Who would have thought that a little bit of air could do a beverage so good?
It’s no secret that I love wine and, really, for the most basic reason of all: because it tastes good. I laugh at the thought of aging wines (I don’t have the patience), I turn my nose up at cork dorks and I balk at wine gadgets that “you just have to try!”
And then a little wine gadget changed everything…
During one of my recent trips to California I joined a few colleagues at the tasting counter of Ponte Winery. Someone pulled out a funny little device called a wine aerator and swore it made all the difference in the world in a glass of wine. It is supposed to do the job of decanting, without having to wait for the wine to breath. We selected the Beverino, a red wine meant to be drunk cool or at room temperature that is nicknamed “The white wine drinkers red” simply because it’s an all around easy wine to drink, even for white-wine-only drinkers.

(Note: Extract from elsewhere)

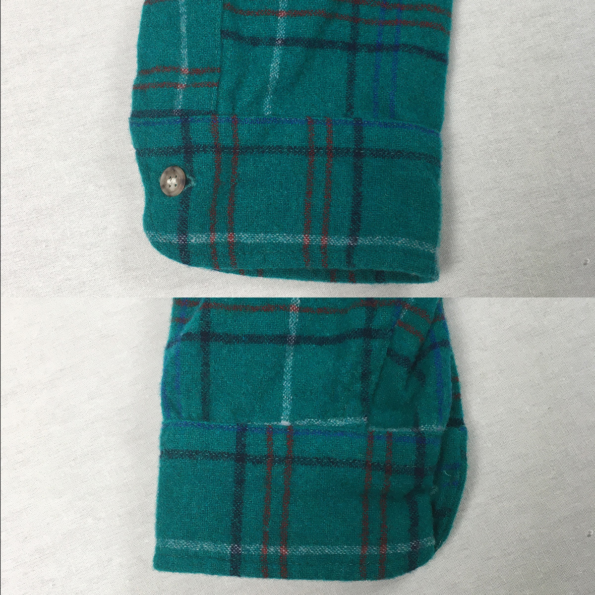 古いウールシャツに見られる虫食いの穴等はありません。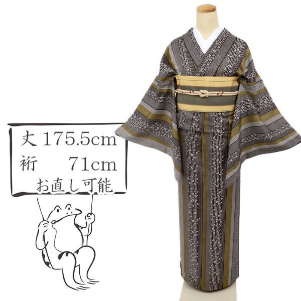 - 【小紋】 長尺 細やか縞模様に桜の舞花模様 黒地 袷正絹着物 KB3-14

We each received one glass of non-aerated Beverino. Then our server poured the wine through the aerator into a second glass for each of us. I took a sip of the first glass and it was good, probably our best table wine, good any time, with or without food. I then tried the aerated wine and, lo and behold, it tasted…expensive. The aroma was full, engulfing my whole face, the flavor was richer, yet soft with silky tannins.
This incident got me thinking about decanting, something I never tried myself and assumed was just another unnecessary action taken by people who spend too much time thinking about wine than they did enjoying it. But now I had doubts about my own thinking.
Upon returning home I purchased a bottle of Brunello di Montalcino, my favorite wine in the world and one that I treat myself to maybe once or twice a year. One night I opened it while I was cooking dinner and poured myself just a sip, for I wanted to let it sit for an hour to see if it made any difference at all ( I didn’t have an actual decanter at the time). Let me tell you, it’s not easy seeing an open bottle of Brunello in your peripheral view and not drink it down, hobo style, right from the bottle. But, I succeeded and, yes, the wine was magnificent after that hour had passed. The tannins had mellowed and that smell, that wonderful smell seemed to fill the room.
Soon after I purchased an actual decanter, a device I now consider completely necessary! I try not to think of why it makes such a differnce in the aroma and taste of a wine–I’ll leave that to the experts. I just know it makes one helluva difference.
It’s true, decanting can by time consuming and, unless you think of it ahead of time, you don’t open your bottle of dinner wine until dinner is ready. I still highly recommend giving your wine time to breathe before drinking it. Whether you just let it sit open for a while, pour it in a decanter, or use that ingenious mini aerator, air will improve even the most mediocre bottle you have stashed away and will only open when there is absolutely nothing else to drink with dinner.